ENTRIES SHOWN:
=== Begin Enclosure ===

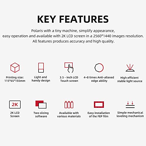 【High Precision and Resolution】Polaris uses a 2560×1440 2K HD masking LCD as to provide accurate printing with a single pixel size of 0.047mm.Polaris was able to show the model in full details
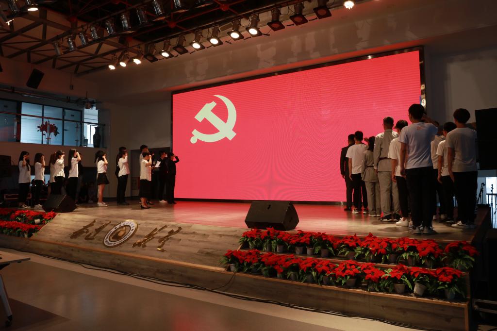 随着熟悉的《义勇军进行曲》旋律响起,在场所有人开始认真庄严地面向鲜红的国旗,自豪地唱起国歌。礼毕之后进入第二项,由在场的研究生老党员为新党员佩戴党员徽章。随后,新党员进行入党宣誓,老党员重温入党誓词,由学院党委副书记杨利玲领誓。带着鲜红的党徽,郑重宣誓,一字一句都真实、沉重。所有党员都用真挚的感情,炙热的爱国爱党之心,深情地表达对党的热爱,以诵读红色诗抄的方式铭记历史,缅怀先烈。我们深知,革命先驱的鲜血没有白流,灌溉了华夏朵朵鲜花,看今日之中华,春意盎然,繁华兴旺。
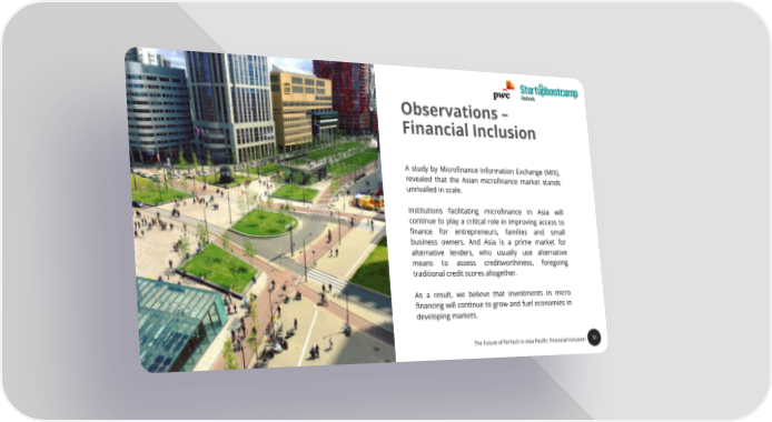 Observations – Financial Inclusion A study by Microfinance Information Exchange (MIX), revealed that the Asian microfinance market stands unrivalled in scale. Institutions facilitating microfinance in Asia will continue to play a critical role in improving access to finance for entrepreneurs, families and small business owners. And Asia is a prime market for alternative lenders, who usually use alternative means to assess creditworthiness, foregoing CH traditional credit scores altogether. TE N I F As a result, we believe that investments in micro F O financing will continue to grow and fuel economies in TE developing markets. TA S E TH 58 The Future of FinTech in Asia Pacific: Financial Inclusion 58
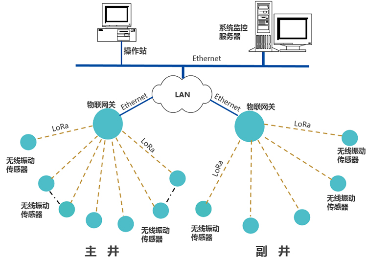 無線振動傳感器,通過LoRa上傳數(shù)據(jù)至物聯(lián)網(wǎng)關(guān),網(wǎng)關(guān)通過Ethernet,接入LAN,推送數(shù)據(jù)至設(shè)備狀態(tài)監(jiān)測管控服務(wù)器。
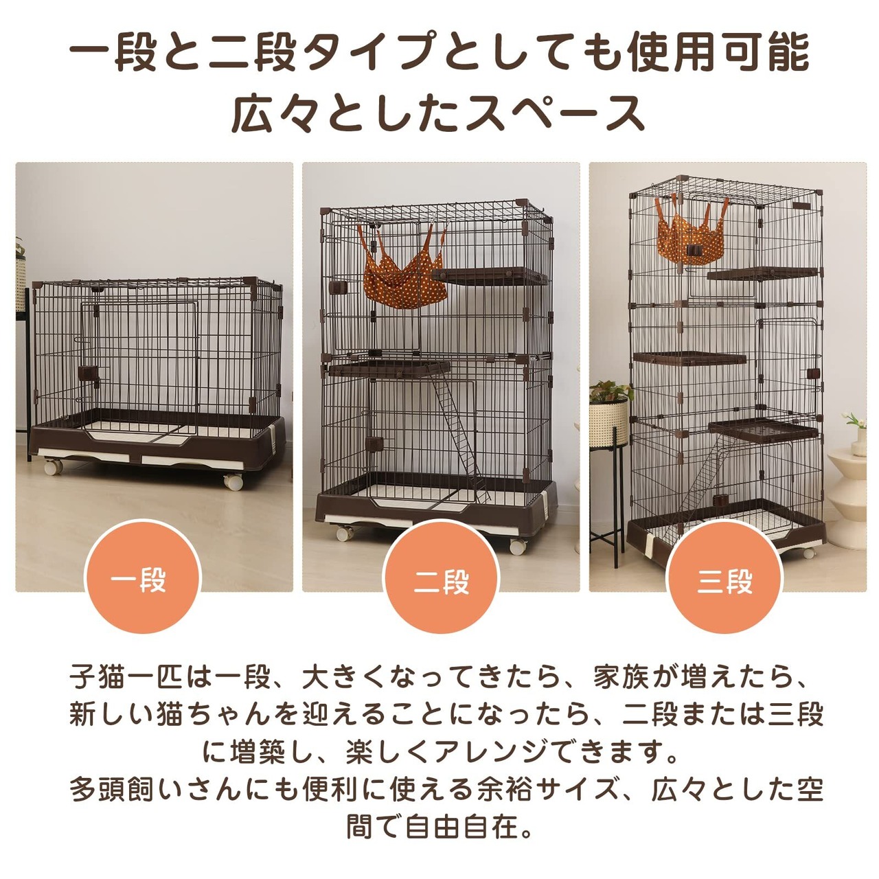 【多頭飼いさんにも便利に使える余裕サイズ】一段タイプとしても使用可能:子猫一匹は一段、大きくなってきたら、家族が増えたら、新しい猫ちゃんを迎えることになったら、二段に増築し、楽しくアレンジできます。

=== End Enclosure ===
=== Begin Enclosure ===

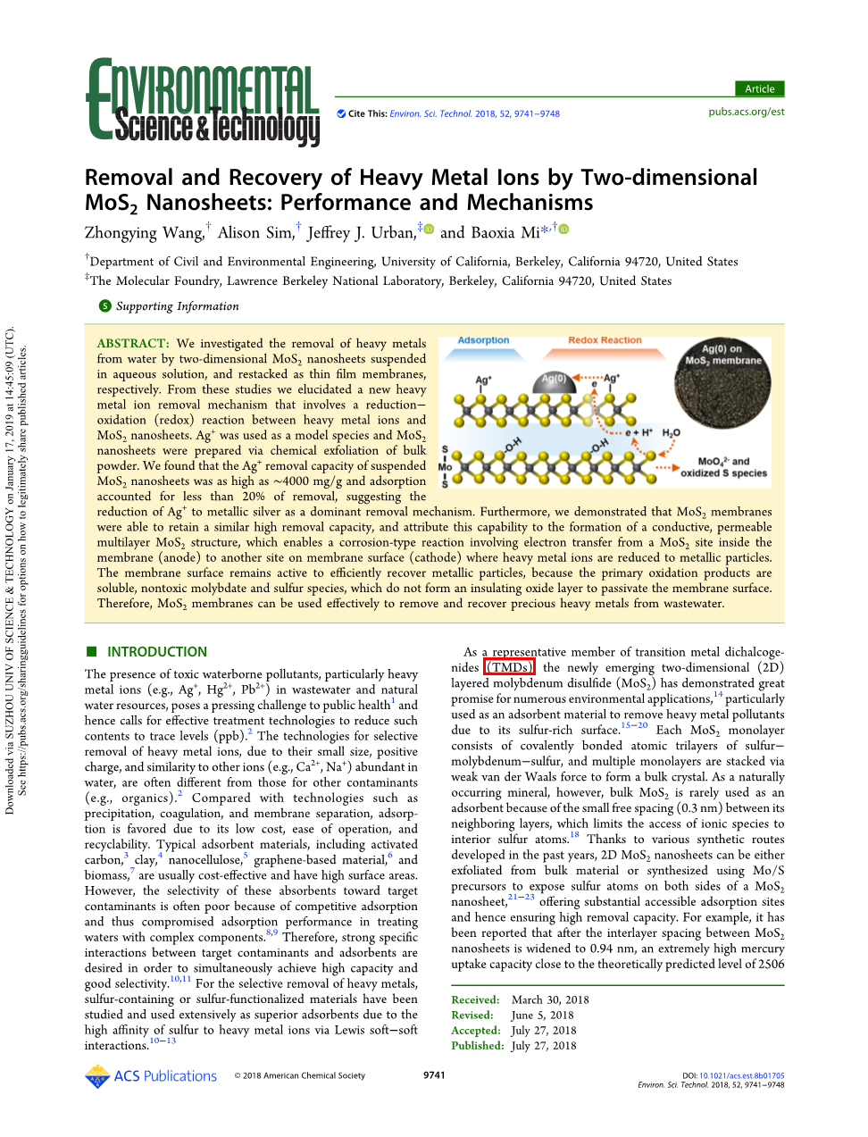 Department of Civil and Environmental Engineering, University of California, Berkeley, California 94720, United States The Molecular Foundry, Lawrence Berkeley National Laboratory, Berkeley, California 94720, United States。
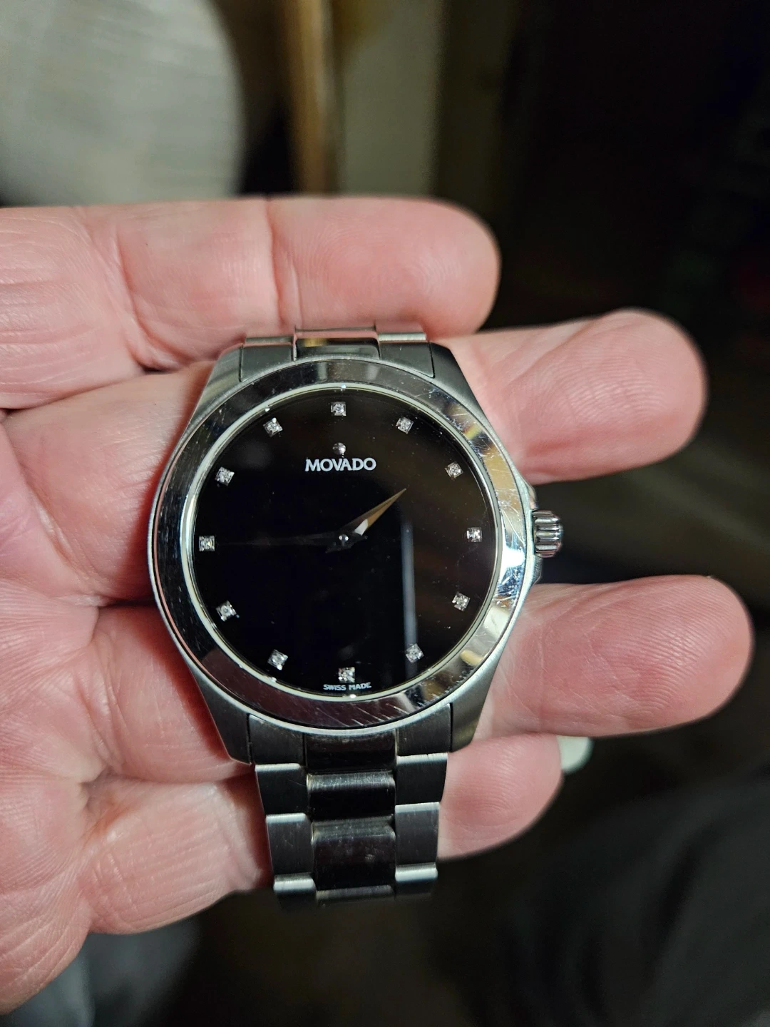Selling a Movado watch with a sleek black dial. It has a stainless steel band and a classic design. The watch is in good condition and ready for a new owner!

=== End Enclosure ===
=== Begin Enclosure ===

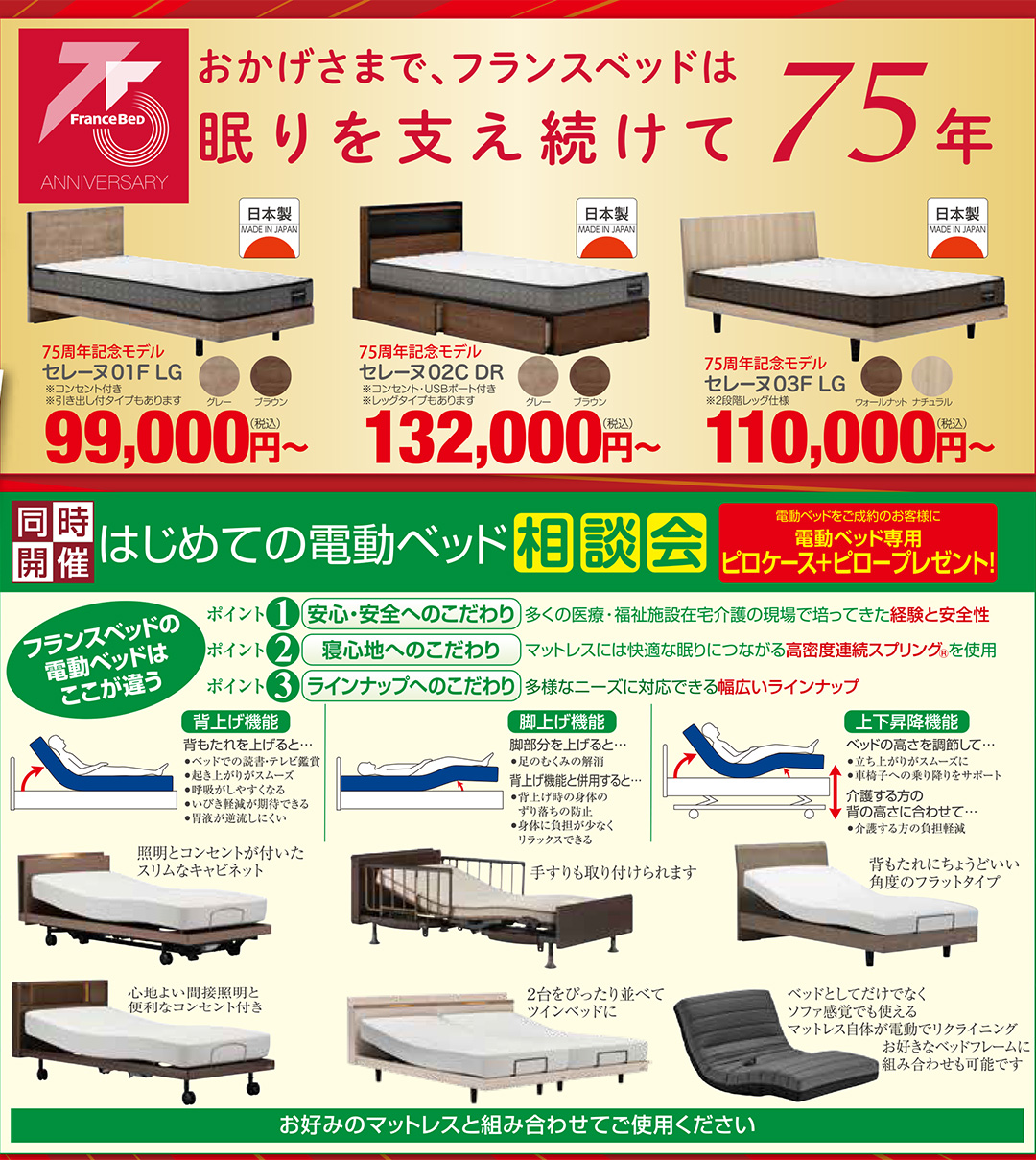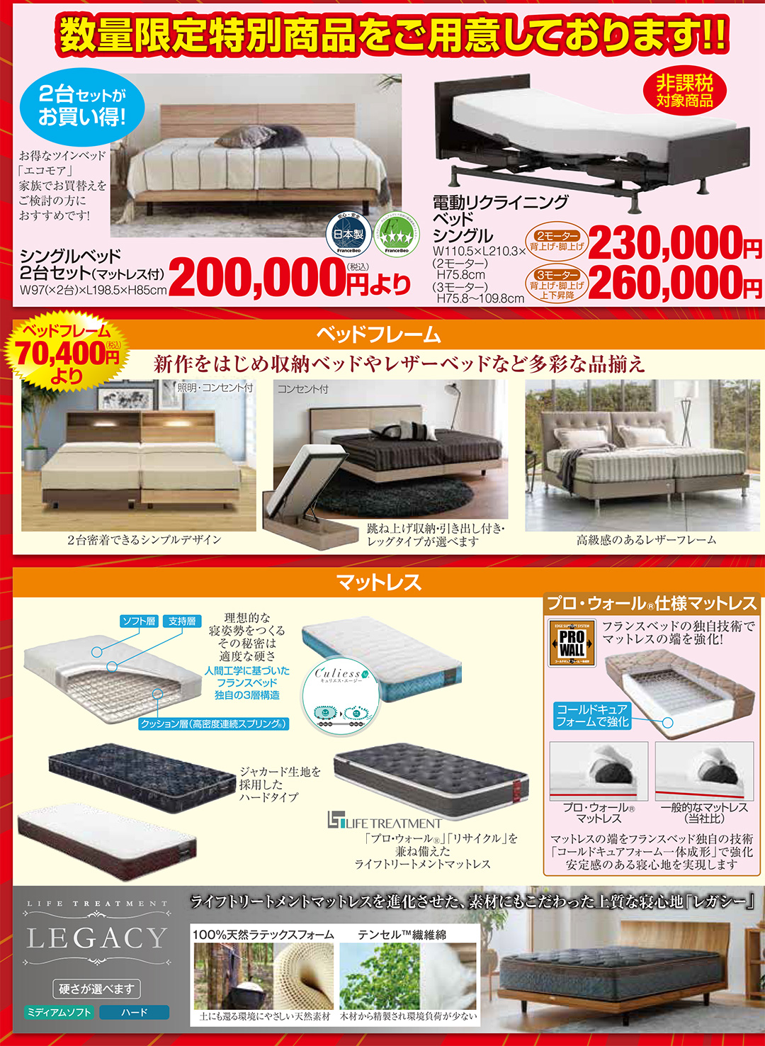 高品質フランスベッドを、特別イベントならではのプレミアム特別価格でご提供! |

=== End Enclosure ===

WHAT IS BEING ASKED: Among the entries above, locate the line with "Department of Civil" and the line with "Selling a Movado". Give those two lines and all lines between them again, exactly, leaving out the pictures.

YOUR RESPONSE:
 Department of Civil and Environmental Engineering, University of California, Berkeley, California 94720, United States The Molecular Foundry, Lawrence Berkeley National Laboratory, Berkeley, California 94720, United States。
Selling a Movado watch with a sleek black dial. It has a stainless steel band and a classic design. The watch is in good condition and ready for a new owner!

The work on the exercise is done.